I try to understand why Ray wants to work as a vendor when he just finished college. He explains that he doesn’t have any connections to find office work, and a high starting salary would be around RMB2,000 but no more than RMB3,000. Working as a food seller, he could make RMB500 per day, or at least that’s what he thought based on his friend who’d tipped him to the site.

Ray keeps emphasizing that he isn’t above manual labor. During summer breaks, he worked
in a coal mine, a cell phone factory and a restaurant. He doesn’t think an office job is the hallmark of success. His friends who work in offices have to stay 12 hours a day. They’re paid less or the same as migrants and have little freedom. He didn’t feel tied down to an employer, and it was a good feeling.

When we arrive home, Li Jie and Mr. Long prepare dinner by flashlight as Ray and I unload the carts. We put the beers back in the freezer and bring all the chairs inside. I estimate we spend three hours a day loading and unloading the carts.

Dinner is ready around 9pm. We have meat. Every day around dinnertime Li Jie says, “We have to start making at least some money so that we can buy food. We need to buy meat.” For migrants, eating meat is a symbol of prosperity because for so long villagers could only eat meat a few times a year.

The first days of selling dumpling have been disastrous. The business is only averaging RMB100 per day. Ray keeps reminding the family of his friend’s situation and that with time, they’ll also make RMB500 a day. Mr. Long points out that the friend sells good food and has return customers. No one ever comes back to our cart.

Li Jie is getting nervous, but she’s always had the strength to carry the people around her. She wasn’t going to let a few complications or her husband’s low morale get in the way of making her investment back. Nevertheless, I can see that everyday activity has begun to wear on all of our bodies.

For me, the hardest part is using the bathroom. When my feet wade through the piles of trash blocking the entrance, I realize the buzzing I hear is a swarm of flies. The odor is like nothing I have ever experienced. I have no words for it. I avoid it as much as possible.
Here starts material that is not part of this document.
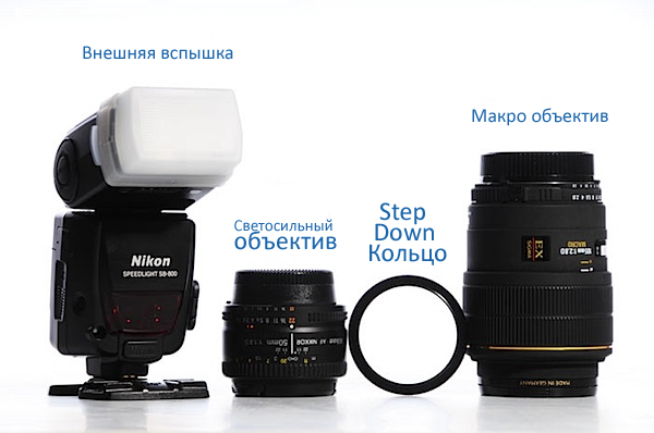 Что касается вспышки, то её надо будет отсоединить от фотоаппарата из-за длинны сложного объектива и близости к нему предмета.

In past fieldwork, I’m usually with street vendors who sell in areas where I could pop into a KFC or McDonalds. But here the village bathroom is my only option.

Though I am doing hard labor in higher than 30-degree weather, I am very calculating about drinking water. I sip as little as possible, just enough to moisten my tongue so that it doesn’t stick to the top of my mouth. Yesterday was super hot, but I only used the bathroom twice.
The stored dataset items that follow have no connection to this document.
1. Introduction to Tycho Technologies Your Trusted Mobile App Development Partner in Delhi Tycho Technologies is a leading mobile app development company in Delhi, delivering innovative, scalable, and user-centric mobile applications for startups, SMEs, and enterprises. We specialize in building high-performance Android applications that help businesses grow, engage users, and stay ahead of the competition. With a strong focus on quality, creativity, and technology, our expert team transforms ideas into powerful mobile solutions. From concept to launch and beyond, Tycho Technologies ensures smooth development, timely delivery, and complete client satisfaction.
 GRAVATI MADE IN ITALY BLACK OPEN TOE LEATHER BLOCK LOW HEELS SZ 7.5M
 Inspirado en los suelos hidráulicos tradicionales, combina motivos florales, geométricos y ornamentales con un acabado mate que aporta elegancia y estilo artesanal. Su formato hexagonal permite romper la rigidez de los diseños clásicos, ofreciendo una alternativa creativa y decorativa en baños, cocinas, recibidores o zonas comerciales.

The pit inside is filled to the top with feces, female pads and trash. There is a rotting dog foot in the female bathroom. I want it removed, but I don’t know how. I feel bad that other bathroom users have to see it and I feel horrible every time I see it.

Things like this paralyze me because there’s nothing I can do. There’s simply no time
or means to make this place cleaner. Everyone feels this way. Everyone wants to remove the trash and dead dog paws. But where do you begin when no one is responsible? Where do you begin when you are exhausted and worried about your next meal?
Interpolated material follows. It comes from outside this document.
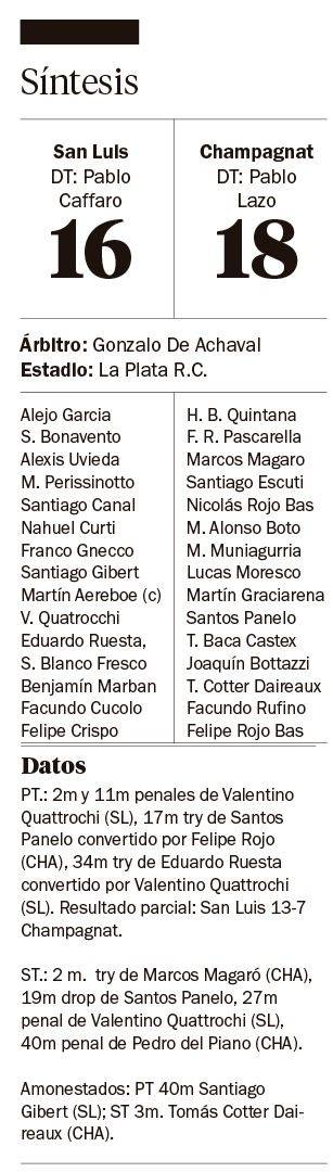 Cerca del final, Felipe Rojo desperdició un penal frente a los palos. Sin embargo, ya sobre la hora, Champagnat tuvo una última oportunidad de penal: Pedro del Piano tomó la responsabilidad y, con una patada certera, selló el 18-16 definitivo para desatar un festejo enorme, con todo el plantel abrazado en el medio de la cancha para festejar el regreso a la máxima categoría de la URBA. Y San Luis se quedó con la desazón de un descenso inesperado.

With a schedule where we wake up at 4am, there is simply no time to do anything but prepare for the next meal or anticipate sleep. Everyone collapses at the end of the day. Every night I bike home thinking: I can’t wait to sleep.

It’s finally 10pm. Most families are asleep so there’s no line at the faucet. I take advantage of the privacy to wet a small towel and wipe the dust and sweat off. I’m shy about wiping down in front of everyone. Since it’s summer, families are always outside. There’s no privacy, but no one else is shy. Li Jie wipes down her armpits, breasts, legs, stomach and butt cheeks in the open. 

When I walk inside, Mr. Long and Ray are asleep. Li Jie has made a space for me on the
mat next to her and her son. 
I close my eyes and hope that there are no surprises tomorrow. I hope that the bike batteries work. I hope that the freezer and the gas cooker don’t break. I hope we sell more dumplings. 

I only stayed with the family a week, but the dumpling stand didn’t last long.  

Ray convinced a friend from his hometown to join the business. The friend had been working in a cell phone factory and the fumes were making him sick.

A week into their partnership, a knife fell on Ray’s heel and sliced his tendon. Ray couldn’t go to a doctor because he didn’t have a city hukou (household registration) so the costs would have been too high. He couldn’t walk for a week.

After that, Ray gave up. He sold everything that they’d bought for RMB6,000 back to the seller for RMB2,000. His friend went back to the cell phone factory. Li Jie and her husband returned to selling clothes on the street. Ray is now looking for work through online websites.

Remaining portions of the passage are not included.